За чтением я уснул, и мне снились безобразно усатые испанцы в чёрных шляпах и кружевных воротниках и смуглые горбоносые индейцы. И ещё мне снился пернатый Кецалькоатль. Он дремал, словно кот, свернувшись на ветвях исполинской плакучей берёзы, крона которой терялась в облаках.
***
Утром мы добрались до шоссе. Мимо в сторону столицы проносились фуры. Вскоре мы поймали попутку и к полудню уже добрались до Ипатьева. В городе Сеня привёл нас на квартиру к приятелю. Мы долго жали на звонок и уже собрались уходить, как дверь вдруг резко открылась. Из квартиры выглянул толстый белобрысый очкарик. Он жевал бутерброд. Взгляд его был встревожен и глубок.
– Заходите. Родители на даче, – сказал он.
Как только мы вошли, парень перестал обращать на нас внимание: в столовой за столом он рисовал в тетрадке сложные формулы. Мы бросили на пол рюкзаки. Отдохнули. Попили чаю. Подремали: я – в кресле, а Сеня – на диване.
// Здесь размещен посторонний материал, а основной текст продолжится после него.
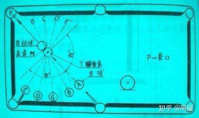 台球瞄准最基本的数学原理是所谓“半球法”,如图一所示,即正确的瞄准点(A点)在袋口中心点与目标球心连线的延长线上,与目标球中心距离一颗球 (也即与目标球表面接触点(B点)距离半颗球)。不论母球与目标球位置如何,即图中角α是多少度,击球时只要对准A点打,就一定能将目标球送进袋口(当然 α角一定要小于90度才行)。由于这一方法可以先假想有一个虚拟的台球与目标球刚好相切,且两球连线对准袋口,而瞄准点即为这一假想球的球心,因此这一方 法也称为“假想球法”。又由于瞄准点在袋口中心点与目标球心连线的延长线上,像是这条线长出了一截长度为半颗球的尾巴,因此也俗称“找尾巴”。
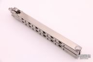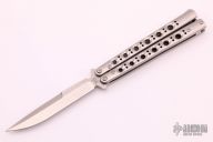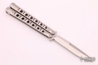This Model 42 Balisong by Benchmade features a tumbled finished blade with swedge. The handle has an integral skeletonized stainless steel handles with spring T latch on pommel. Comes with nylon sheath. Light scratches are visible on the frame otherwise the knife is in Excellent Condition.
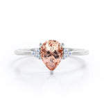 Seven Stone 0.5 carat Pear Morganite and Diamond Dainty Band Engagement Ring in White Gold
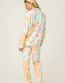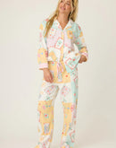 Sleep, lounge, repeat in this dreamy three-piece flannel set with a whimsical, luck-inspired twist. Made from soft cotton in a classic twill weave, it includes a button-up shirt, relaxed-fit pants, and a matching headband. The patchwork-style design blends soft ivory, pastel mint, peach, and lilac, scattered with playful motifs—lucky playing cards, eye talismans, radiant hearts, blooming flowers, and “Lucky Me” script—for a look that’s as charming as it is cozy.

– Физик! – сказал с уважением Сеня, когда мы пошли гулять. – Мозги из ушей льются – такой умный парняга. Лето, а он задачки грызёт!
Полдня мы гуляли по Ипатьеву. Река здесь была шире, и сам город раскинулся на обоих её берегах. Туристы бродили по набережной, вокруг полуразрушенного кремля и по узким улицам с белыми церквушками.
Мы купили квас и пирожки. Посидели на набережной. Искупались. Снова гуляли по городу.
Я блаженствовал: стремительная смена событий и наше путешествие, незнакомый город и жаркое лето – всё мне говорило о том, как свободен человек, и о том, что нет для нас никаких границ, ни внутри, ни снаружи, и можно идти куда угодно – именно так, по-юношески наивно и смело я размышлял тогда.
Вечером, когда стемнело, мы вернулись к физику за рюкзаками.
– Оставайтесь, – сказал он. – Родители будут завтра вечером.
Мы отказались и отправились пешком на вокзал. Я уже предвкушал, как мы поедем на ночной электричке домой: за окнами в темноте пролетают редкие огни, и Арсений рассказывает новые истории, можно грезить, можно дремать, можно думать о чём угодно. Это стало бы хорошим завершением нашего похода.